[Work required]: Excluding pictures, what does the listing below contain from the line with "Le fauteuil est" up to and including the line with "enameled in gold.", word for word?

** Extracted records follows **

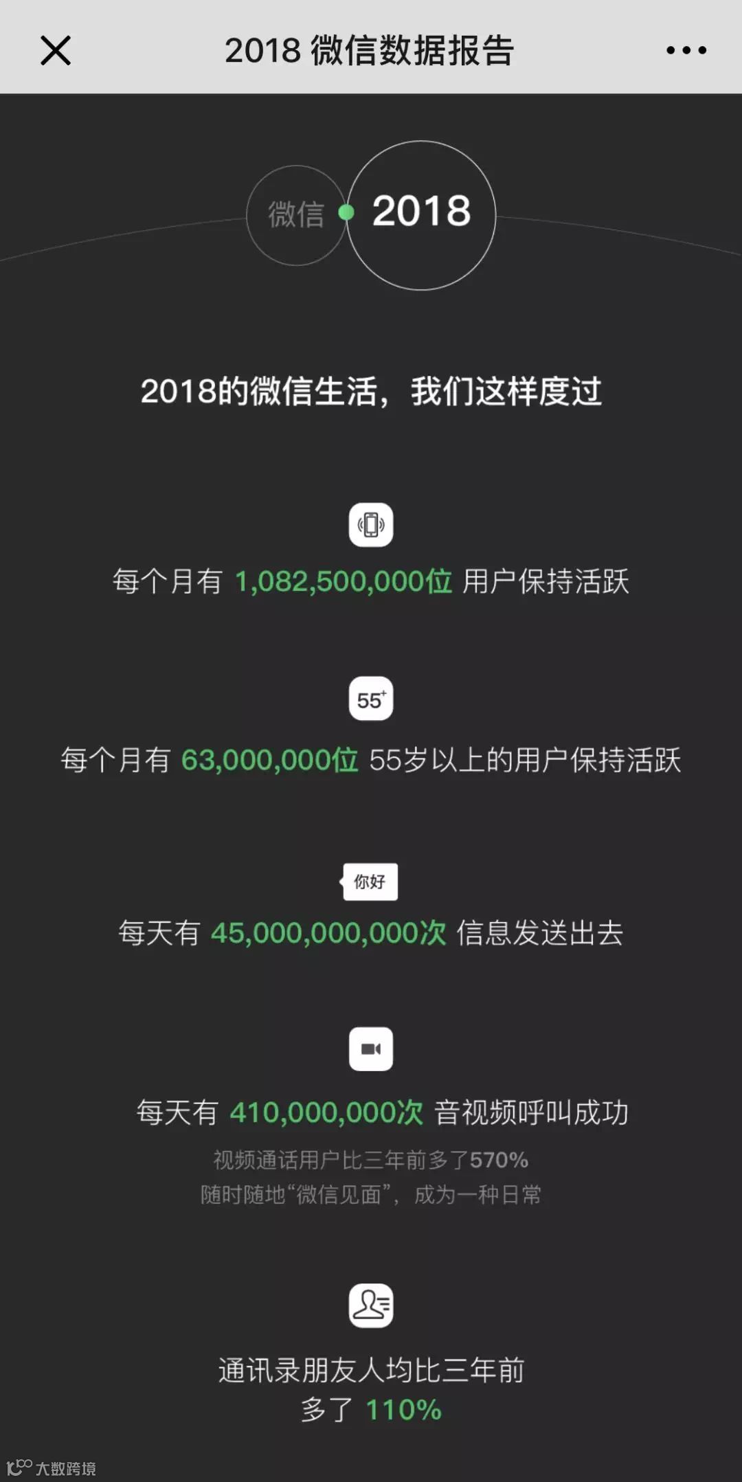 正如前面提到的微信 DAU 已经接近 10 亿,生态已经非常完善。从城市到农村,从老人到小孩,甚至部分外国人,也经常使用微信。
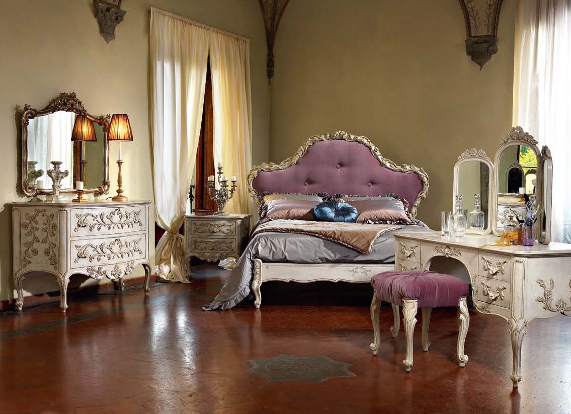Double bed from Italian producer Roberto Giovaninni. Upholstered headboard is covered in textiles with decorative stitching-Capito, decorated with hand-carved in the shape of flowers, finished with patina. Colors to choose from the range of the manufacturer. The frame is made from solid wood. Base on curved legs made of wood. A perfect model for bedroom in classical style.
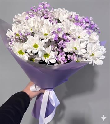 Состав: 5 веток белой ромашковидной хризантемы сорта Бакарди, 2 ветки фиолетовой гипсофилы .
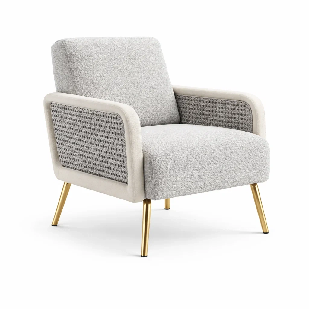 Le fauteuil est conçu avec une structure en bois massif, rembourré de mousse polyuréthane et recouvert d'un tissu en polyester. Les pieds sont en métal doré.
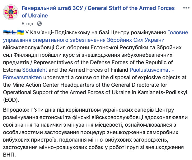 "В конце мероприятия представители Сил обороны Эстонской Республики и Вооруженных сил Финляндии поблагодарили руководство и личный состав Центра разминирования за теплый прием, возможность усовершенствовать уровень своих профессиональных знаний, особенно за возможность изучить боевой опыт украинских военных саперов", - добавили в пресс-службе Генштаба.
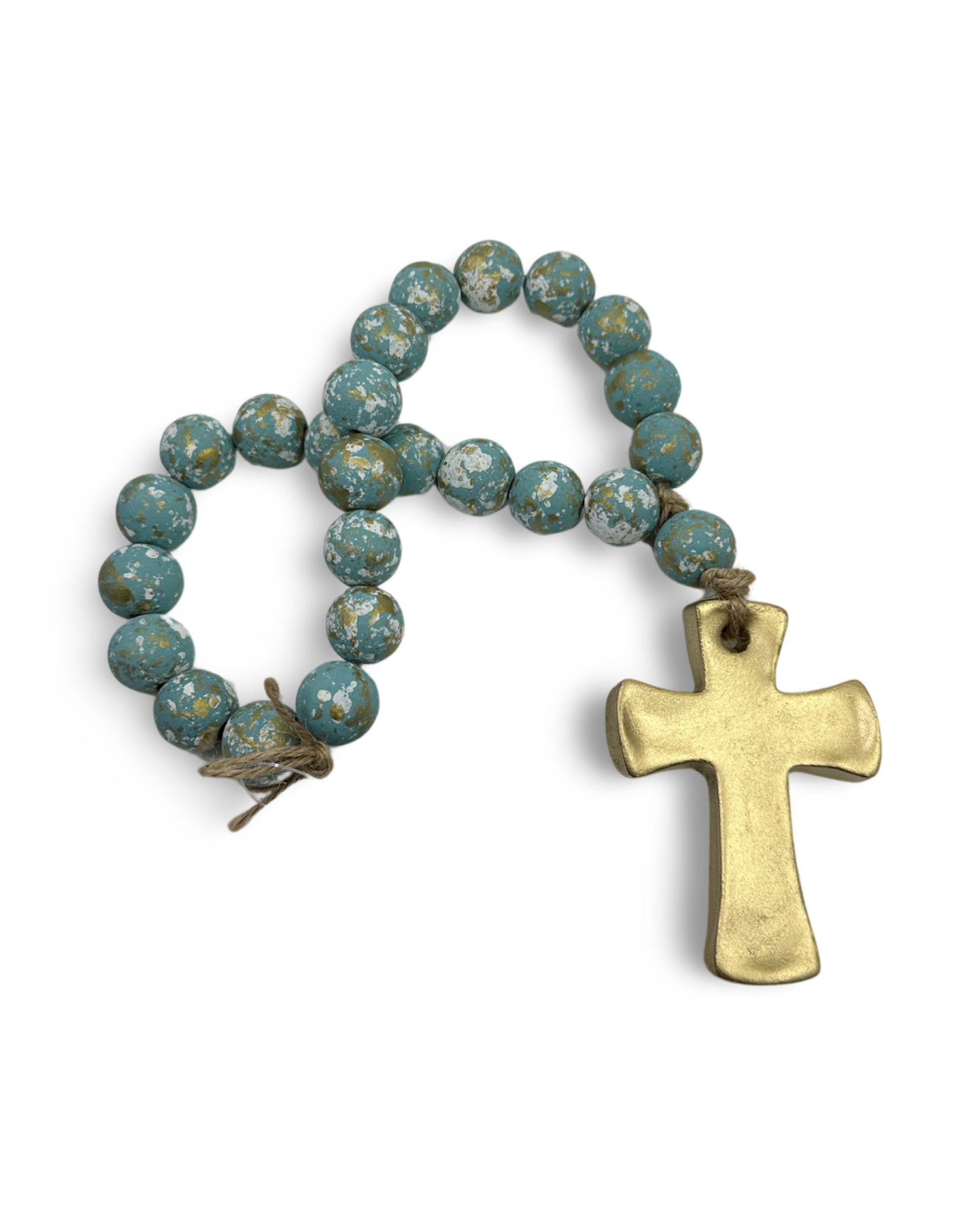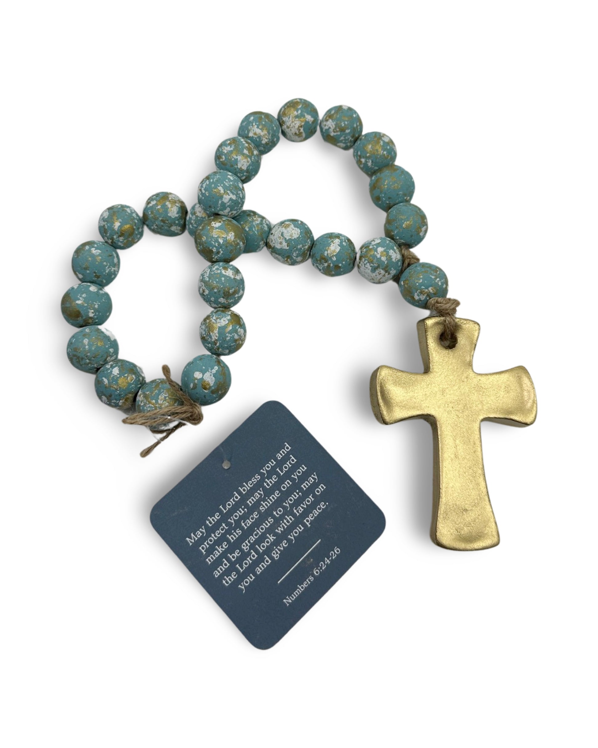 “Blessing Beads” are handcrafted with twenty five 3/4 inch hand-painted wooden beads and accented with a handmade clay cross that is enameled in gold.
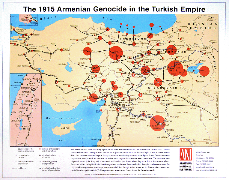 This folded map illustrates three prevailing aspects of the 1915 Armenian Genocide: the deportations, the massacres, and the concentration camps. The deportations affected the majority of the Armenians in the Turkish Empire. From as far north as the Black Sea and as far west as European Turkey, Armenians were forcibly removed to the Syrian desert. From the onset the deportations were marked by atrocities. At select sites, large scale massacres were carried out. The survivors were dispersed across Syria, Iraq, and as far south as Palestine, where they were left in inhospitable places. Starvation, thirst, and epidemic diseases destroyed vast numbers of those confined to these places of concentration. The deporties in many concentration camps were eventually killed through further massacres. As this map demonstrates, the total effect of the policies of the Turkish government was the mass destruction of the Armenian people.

** End of Extracted records **

[Exercise answer]:
 Le fauteuil est conçu avec une structure en bois massif, rembourré de mousse polyuréthane et recouvert d'un tissu en polyester. Les pieds sont en métal doré.
 "В конце мероприятия представители Сил обороны Эстонской Республики и Вооруженных сил Финляндии поблагодарили руководство и личный состав Центра разминирования за теплый прием, возможность усовершенствовать уровень своих профессиональных знаний, особенно за возможность изучить боевой опыт украинских военных саперов", - добавили в пресс-службе Генштаба.
 “Blessing Beads” are handcrafted with twenty five 3/4 inch hand-painted wooden beads and accented with a handmade clay cross that is enameled in gold.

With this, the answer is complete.